Re-Enchantment

The thing about a garden is that it changes, whether the gardener is involved with it or not. On a Sunday evening the garden is enchanting. Everything is orderly and peaceful. Weeds are eliminated, or at least not evident. Tall plants are staked, lawns are trim. It’s hard to leave it all and go in the house.

Over the course of the working week, visits to the garden may be hurried — quick sessions of watering, picking a lettuce or two or some herbs. Then comes Saturday. The gardener anticipates a return to enchantment.

The garden is fuzzy around the edges. Plants flop and lean; some have collapsed. Twigs and other debris from the midweek windstorm litter the grass. Bloom have become a mass of ugly deadheads. Everything looks like hell. And maybe the sun is hot and glaring or it’s one of those cold, windy days (so common here on the West Coast in summer). Suddenly a trip to the mall seems like the best option.

But you can’t just put a garden aside like a piece of knitting, to be picked up someday when you have more time or interest.
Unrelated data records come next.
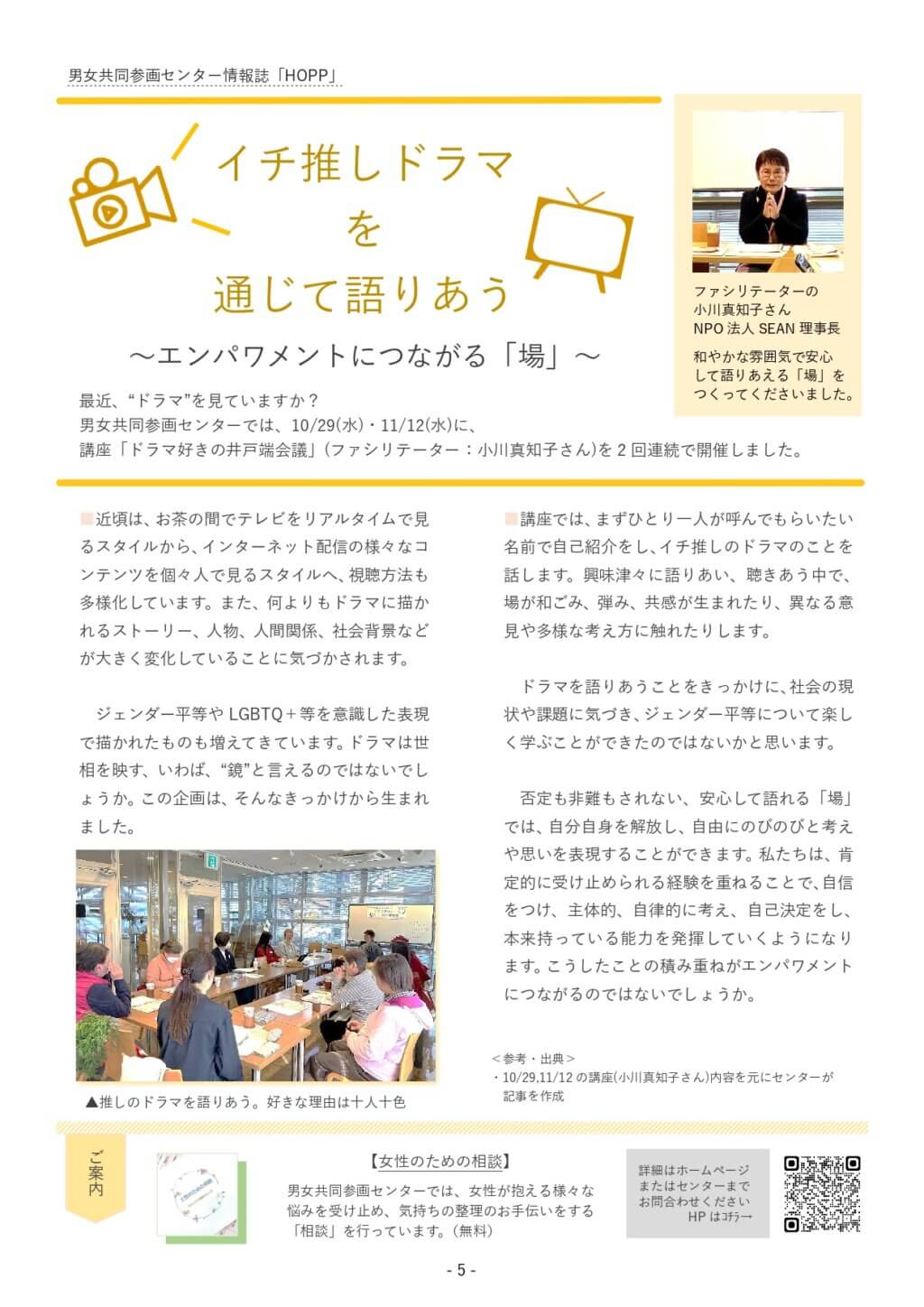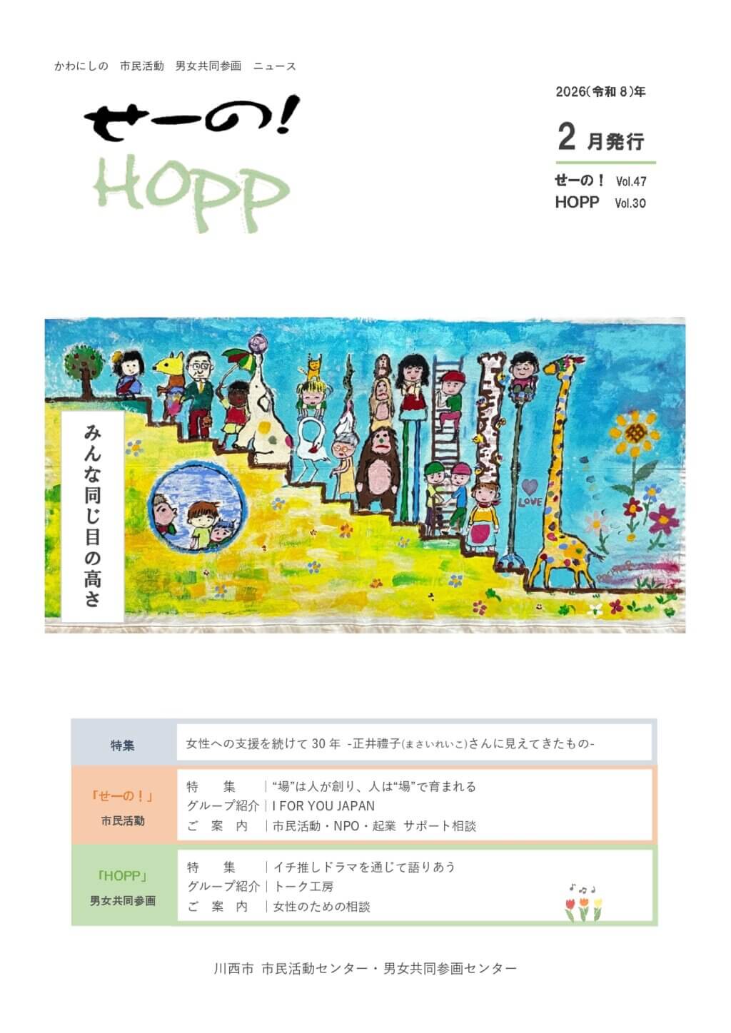 2026/02/25お知らせ市民活動男女共同参画センター情報誌(2月号)を発行しました情報誌は市内外の公共施設などに設置しています。ぜひお手に取ってご覧ください。<特集>女性への支援を続けて30年 -正井禮子(まさいれいこ)さんに見えてきたもの-<せーの!(市民活動)>特集|“場”は人が創り、人は“場”で育まれるグループ紹介|I FOR YOU JAPANご案内|市民活動・NPO・起業 サポート相談<HOPP(男女共同参画)>特集|イチ推しドラマを通じて語りあうグループ紹介|トーク工房ご案内|女性のための相談※掲載されている記事等の無断転載はご遠慮ください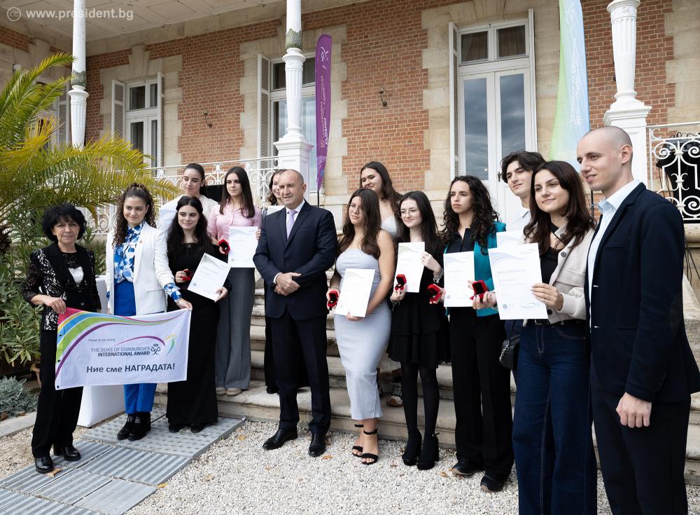 Наградата на херцога на Единбург е международно утвърдена програма, която насърчава младите хора да полагат усилия и да постигат лични цели в различни области – доброволчество, физическа активност, развитие на умения, проекти в полза на общността. В България Международната награда на херцога на Единбург се провежда под патронажа на държавния глава, като тази година за първи път церемонията се проведе в резиденция „Евксиноград“ във Варна. Президентът Радев връчи почетните значки на 12 младежи, завършили златно ниво. Сертификатите си отличените получиха от посланика на Великобритания у нас Натаниел Копси.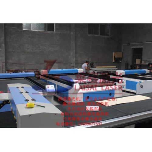 萊賽全自動沙發裁剪設備——激光布料裁剪機,沙發激光裁布機智能化,電腦控製,操作方便,一個(ge) 人可以同時操作好幾台機器,不需要人工鋪布,機器自動送料 自動鋪布 自動裁剪 自動化 工作效率高,和人工相比萊賽電腦激光裁剪機,除了工作速度快,效率高優(you) 勢,還具有,便於(yu) 管理,裁剪布料精確度更高,更節省布料,而且用激光機裁剪後的布料麵料,具有自動收邊效果,不需要人工鎖邊,不會(hui) 出現脫邊現象,節省了一道工序,相對應的也提高了生產(chan) 效率,布料裁剪機還具有以下功能,氣缸壓料,防止布料裁剪過程中出現偏移現象,智能數字化儀(yi) ,可以直接將我們(men) 需要的版型進行掃描記憶切割裁剪,操作更便捷。使用布料自動裁剪機?服裝 沙發 毛絨玩具 汽車座套 戶外用品生產(chan) 是極具前景的行業(ye) ,在裁剪的工作環節裏,使用自動布料裁剪設備,布料自動裁剪機,更能保證產(chan) 品品質、減低成本、提高效率的優(you) 勢。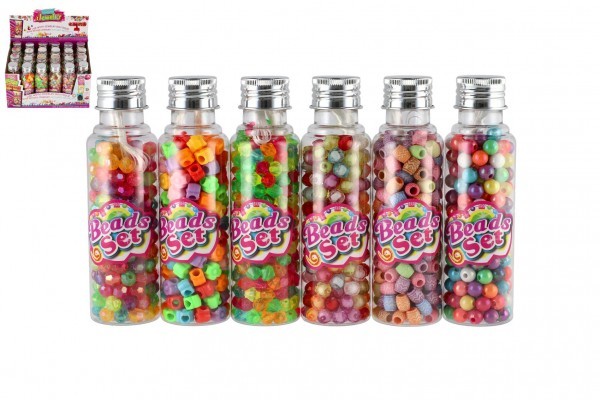 Korálky se šňůrkou plast mix barev v plastové dózičce 3,5x12,5cm 24ks v boxu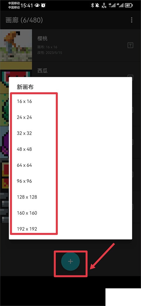 1、应用开启操作:启动八位元画家应用程序,点击界面下方的蓝色“+”号按钮,选择所需的画布尺寸。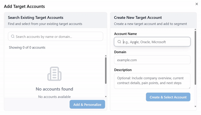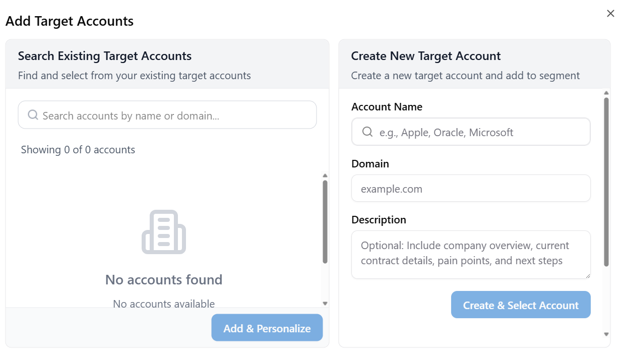 - The Add Target Accounts pop-up window is displayed, showing the fields Account Name, Domain, and Description in the Create New Target Account section on the right-hand side. Along with these fields, the Create & Select Account and Add & Personalize buttons are disabled.
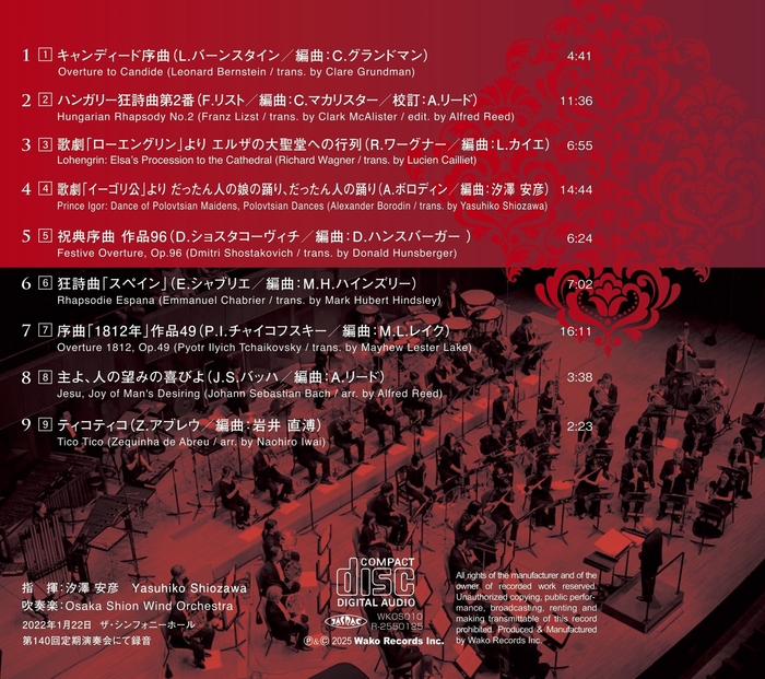 日本で最も長い歴史と伝統を誇る交響吹奏楽団のOsaka Shion Wind Orchestraを有する公益社団法人 大阪市音楽団(本社:大阪市住之江区/理事長:石井徹哉)は、汐澤安彦が指揮を勤めたCD『だったん人の踊り』のリリースを決定いたしました。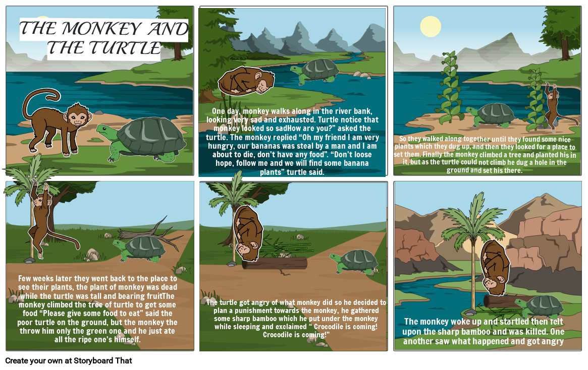 One day, monkey walks along in the river bank, looking very sad and exhausted. Turtle notice that monkey looked so sadHow are you?” asked the turtle. The monkey replied “Oh my friend I am very hungry, our bananas was steal by a man and I am about to die, don't have any food”. “Don't loose hope, follow me and we will find some banana plants” turtle said.

There comes a moment when you have to decide to keep going or give up rip out all those plants and sod it over. Even giving up requires action.

The gardener needs re-enchantment. The only way to get it is to go out and start doing something, anything, however small. Pull that weed, set that stake and tie up the sagging plant. Get the watering can and go to the aid of the wilting. Clip that edge. Strangely, clipping the verges of the lawn next to perennial beds makes an astonishing difference. The garden becomes a garden again, instead of just a mess. Suddenly you want to be out there, working in it.  (Of course, it helps if it’s early evening, with the light coming in at the flattering angle, if the wind has dropped and coolness wells up around plants revived by dew or the attentions of the hose and sprinkler).

It comes down to this — a garden must be gardened in. That’s its real purpose — to be a place in which to garden. Have you ever tried just sitting in your garden, doing nothing? How long is it before you notice something — deadheads to snip, a leaner to prop up, or something that simply must be admired at close range? You get up and do it, and then the next thing and the next. By that time, it’s getting hard to see because it’s almost dark and you have to tear yourself away from your little Paradise.